**Information provided**
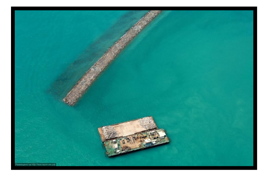
Figure 3: Breakwater Construction PT-2013 Higgins P.3

Design of the breakwater was undertaken by Royal Haskoning while the construction was completed
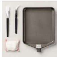
Embossing Additions Tool Kit [159971]
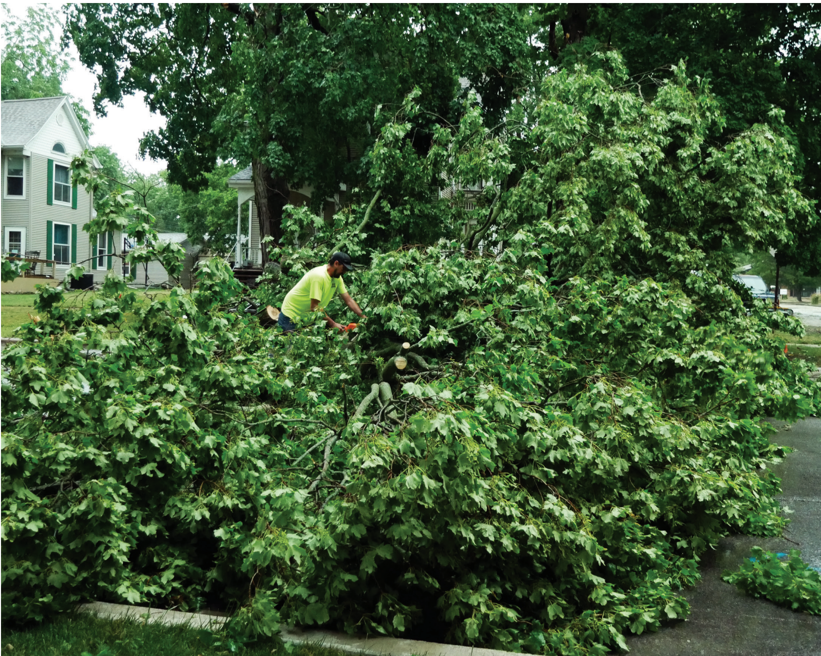
Gordon Woods / Journal City crews were out cleaning up and clearing fallen trees and tree limbs soon after the June 29 storm swept through the area. This tree fell across the 200 block of S. Center Street.
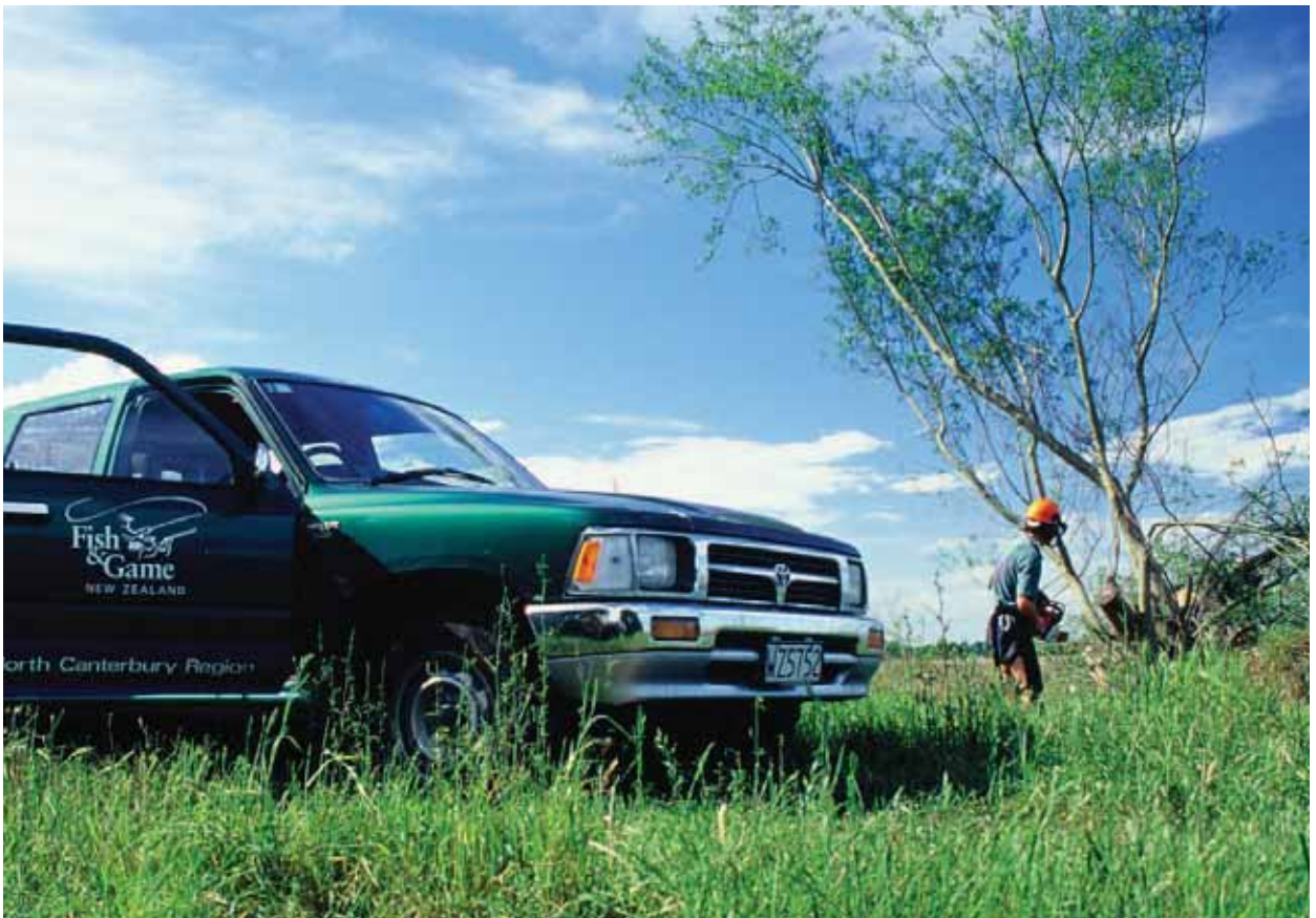
Photo One of the primary actions required to maintain, improve, and restore the natural lakeshore vegetation is the control of willows.

Taylor, K.J.W. (ed.) 1996. The Natural Resources of Lake Ellesmere (Te Waihora) and its Catchment. Canterbury Regional Council Report 96(7), Canterbury Regional Council, Christchurch.
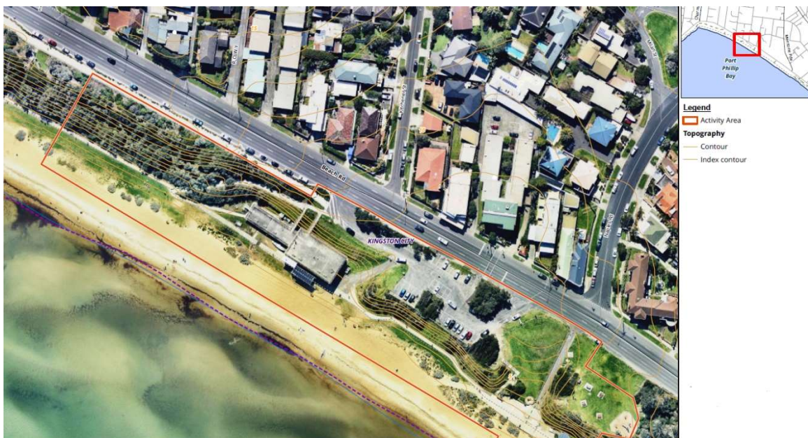
Image 2: Site of the redevelopment of the Mentone Lifesaving Club, Aerial Photo

There is an expectation that the artist will undertake some form of community consultation or engagement local residents, key stakeholders, LSC users and local schools etc.
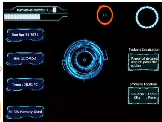
(b) GUI of Virtual Assistant
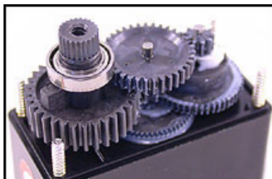
Ball Bearings & Karbonite™ gears
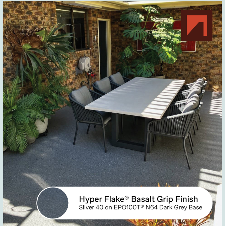
Hyper Flake® Basalt Grip Finish Silver 40 on EPO100T® N64 Dark Grey Base
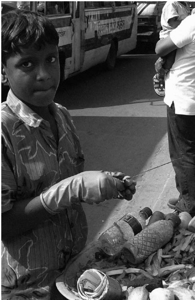
Photo 4 Boy selling food to travellers, Bangladesh.

Faced with large numbers of street children and the employment of vast numbers of young children (not just under 14, but even under 10) in agriculture, as domestics in private houses and in the informal economy, and the exclusion of most of these children from government-run schools, NGOs have developed schemes, over many decades, to prevent children from leaving home prematurely and to provide assistance to unaccompanied children who arrive in towns or
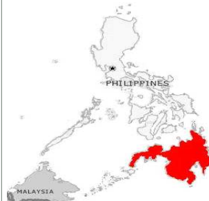
Mindanao location within Philippines

The armed fights have been going on for weeks, amplifying the sufferings of Internally Displaced People (IDPs). At present, more than two hundred thousand people have been displaced and the number of IDPs is constantly been increasing. It is a humanitarian crisis with no signs of mitigating.
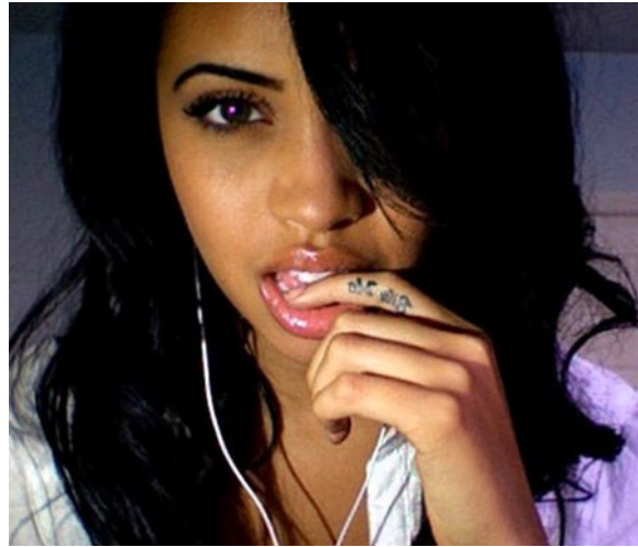
Always be truthful

So many times, lies seem easier, better, and without consequence these days. If kids can't see how the truth profits them, they will lie, that's what makes the armor of God's Belt of Truth so important.
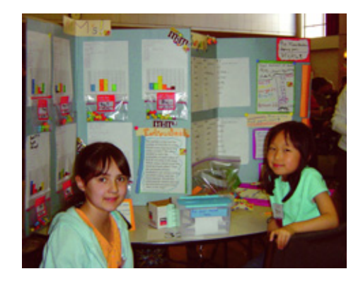
Two participants at FAME 2006

There are three levels: elementary (grades K to 5), middle (grades 6 to 8) and senior (grades 9 to 12). The winning elementary school had students from grades 2 and 3. Entries are judged and prizes are awarded for the best exhibits.
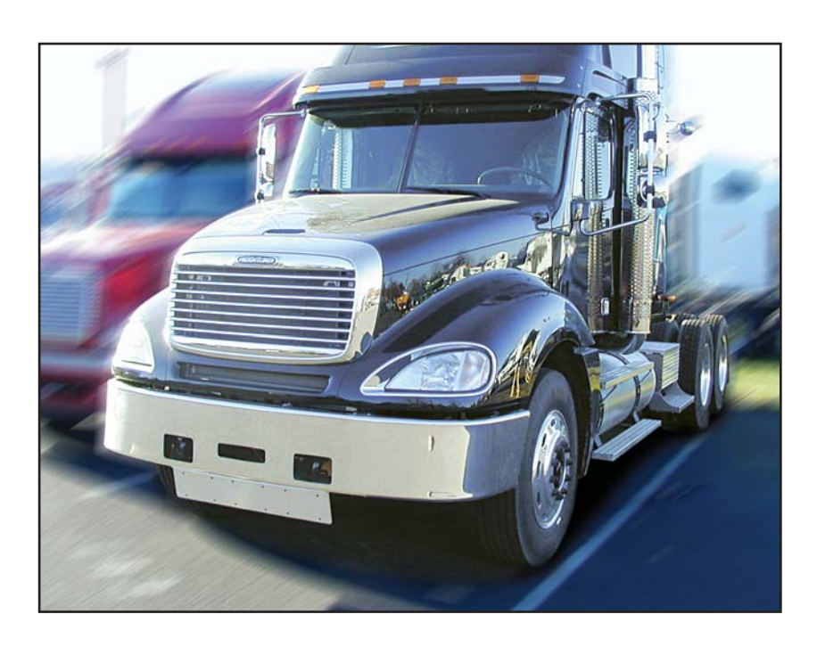
AERO CLAD® is also available for Freightliner Columbia Part Number 0293SSC
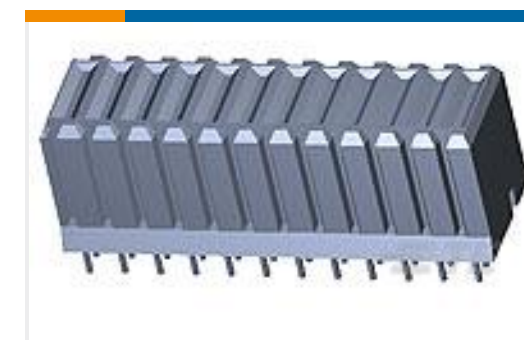
TE Part #120992-9 UPM EXPANDED RCPT ASSEMBLY
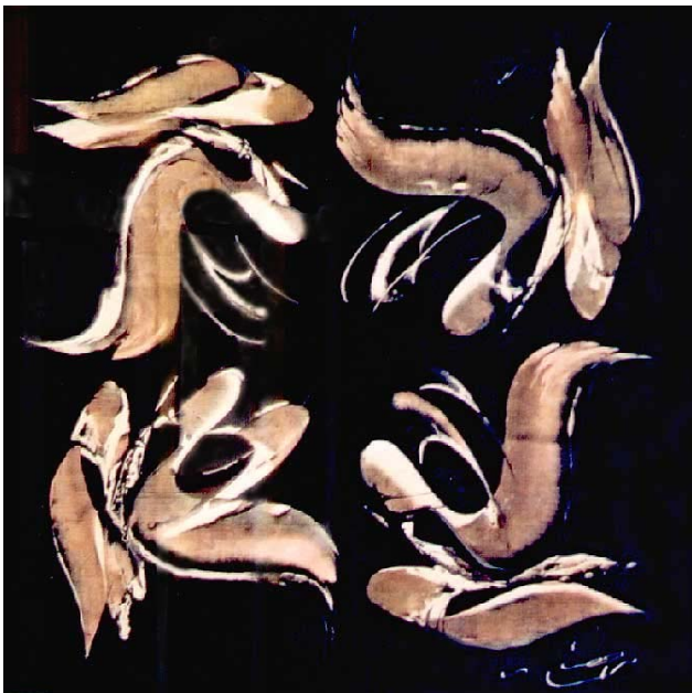
Fig. 7: Dastafshani series , peach/grey gouache, black enamel on mat board, 70x70 cm
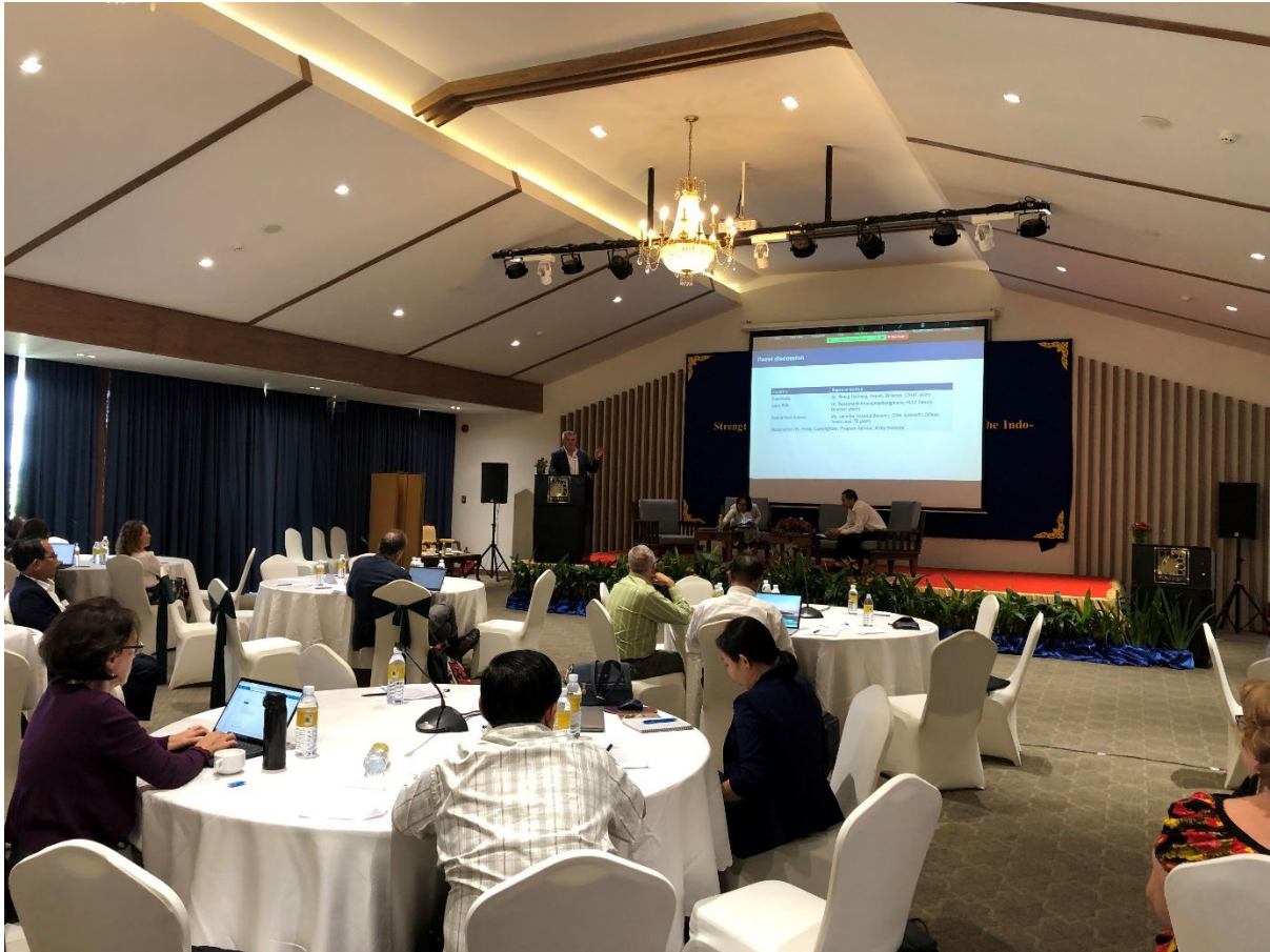
Panel Session, DNO - 24 October
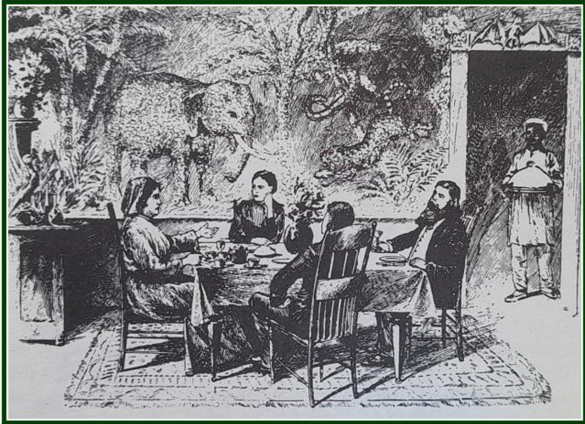
A contemporary drawing: HPB and friends at the dining room of the Lamasonry

[Image reproduced from Sylvia Cranston's book "HPB", p. 172]
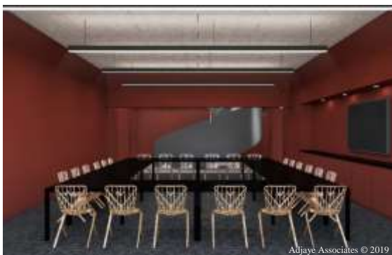
Oak Room (smaller meeting/event space)
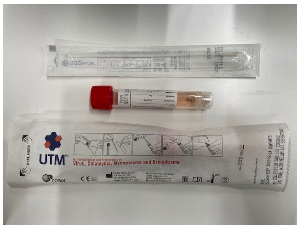
(PCR testing materials: UTM305C, FLOQ swabs, etc.)
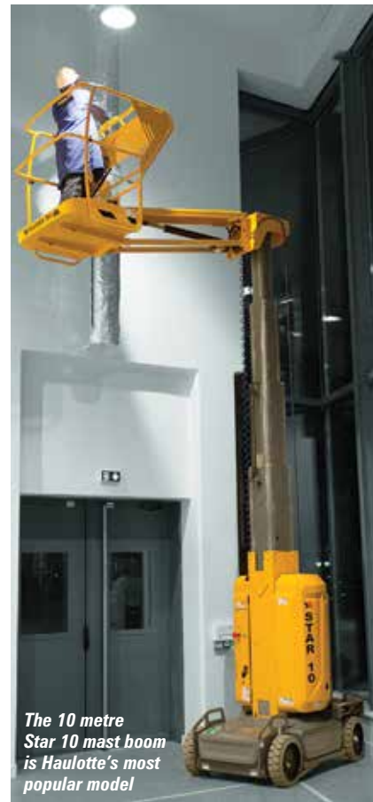
The 10 metre Star 10 mast boom is Haulotte's most popular model

It will be interesting to follow sales figures and take up of its electric work platforms. If slower than anticipated would this mean that older existing models will have their lifespan extended, rather than being replaced with potentially a less popular electric/hybrid versions? The company prefers not to comment. The market however is changing rapidly, so perhaps Haulotte has timed its new strategy perfectly?
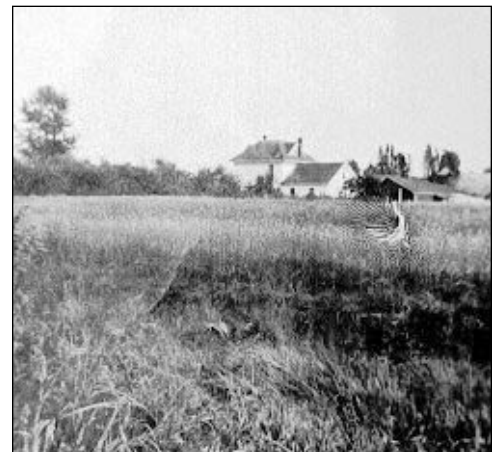
View of Tera Nova c.1915
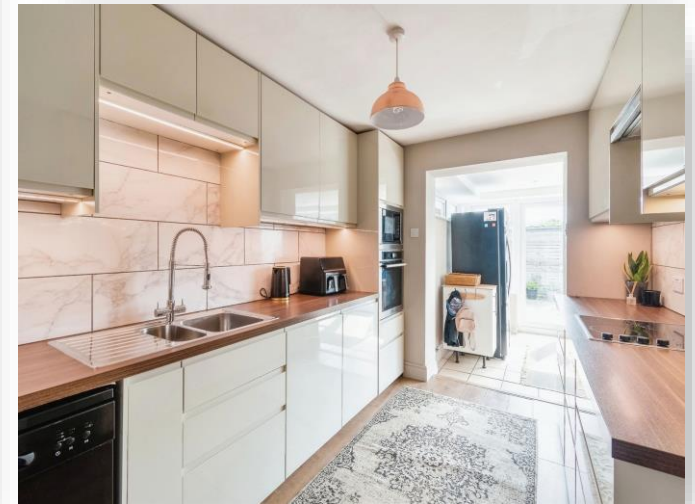
Ashwood Road, Corsham SN13 0LF
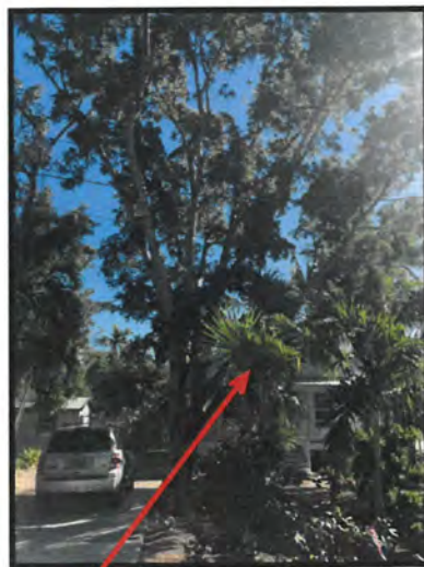
Fl. Thatch in Mahogany root mass
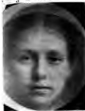
Fig. 7 Composite of 50
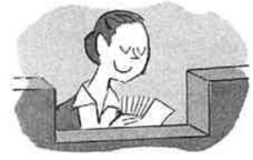
9 _____ in a bank
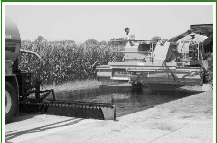
Wagner Paving crews work to apply chip seal to Pisgah Road near SR 571
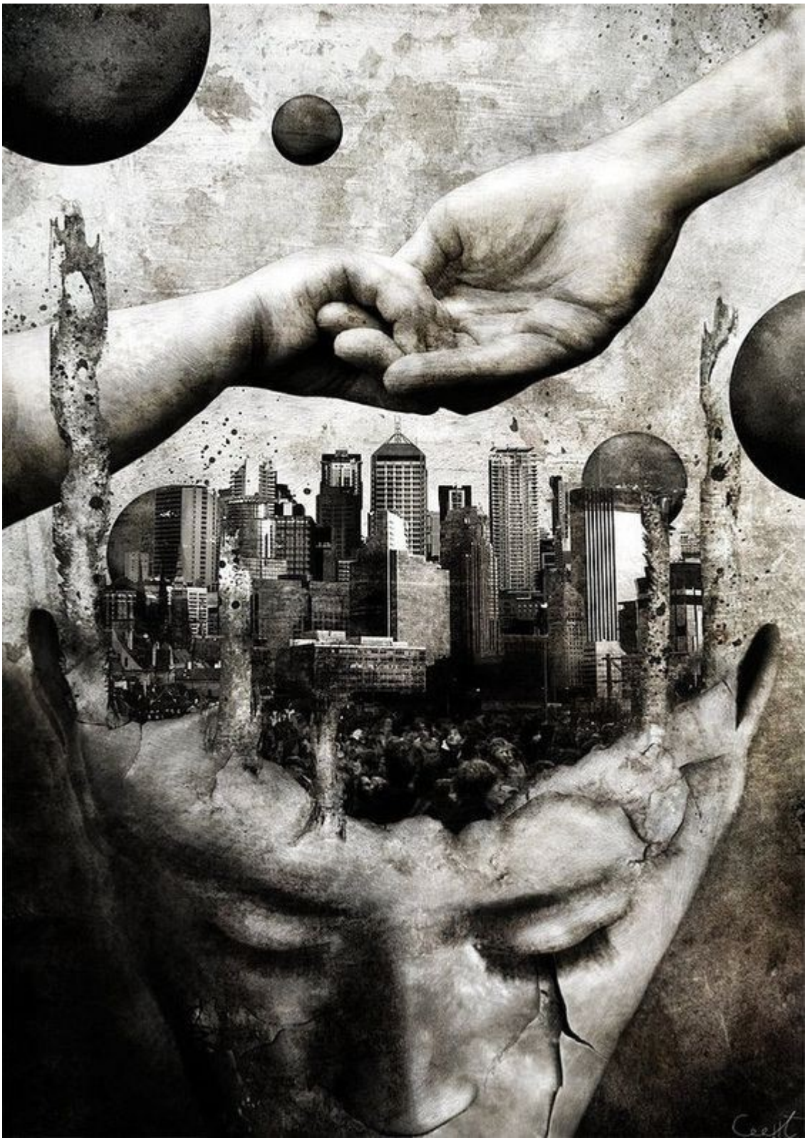
To be continued. Good night and blessings, to help you discern your way.
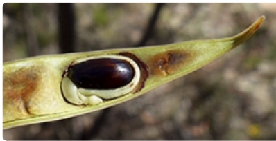
Open part pod with seed.
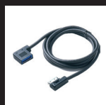
CD-RGB150E 1.5m Extension Cable
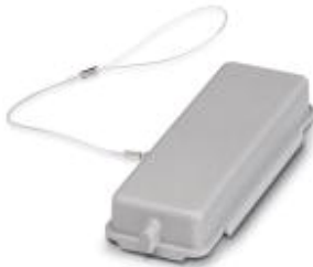
HEAVYCON protective cover, type B24, for supporting base element with single locking latch, with retaining cord, IP54, PA

Please be informed that the data shown in this PDF Document is generated from our Online Catalog. Please find the complete data in the user's documentation. Our General Terms of Use for Downloads are valid ( http://phoenixcontact.com/download )
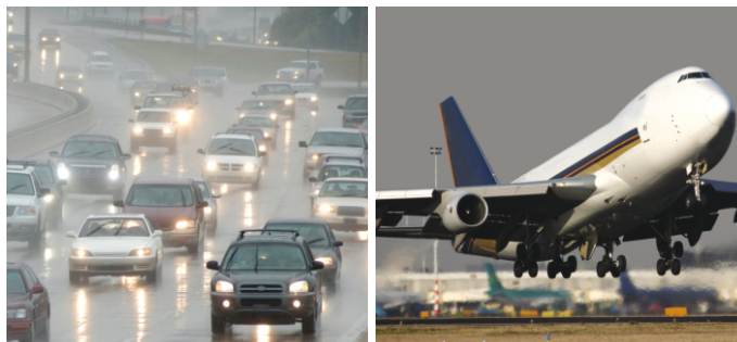
Suitable for a range of applications.

In aviation there is a trend towards increasing both safety and capacity at aerodromes which can require the installation of visibility and present sensors on runways and increasingly along taxi ways. The SWS-250 meets or exceeds all international aviation specifications for visibility measurement and present weather reporting whilst offering an affordable solution for both acquisition and cost of ownership.

**Prompt**
Find all lines in the records that hold the word "Image". Copy them.

**Expected output**
Image 2: Site of the redevelopment of the Mentone Lifesaving Club, Aerial Photo
[Image reproduced from Sylvia Cranston's book "HPB", p. 172]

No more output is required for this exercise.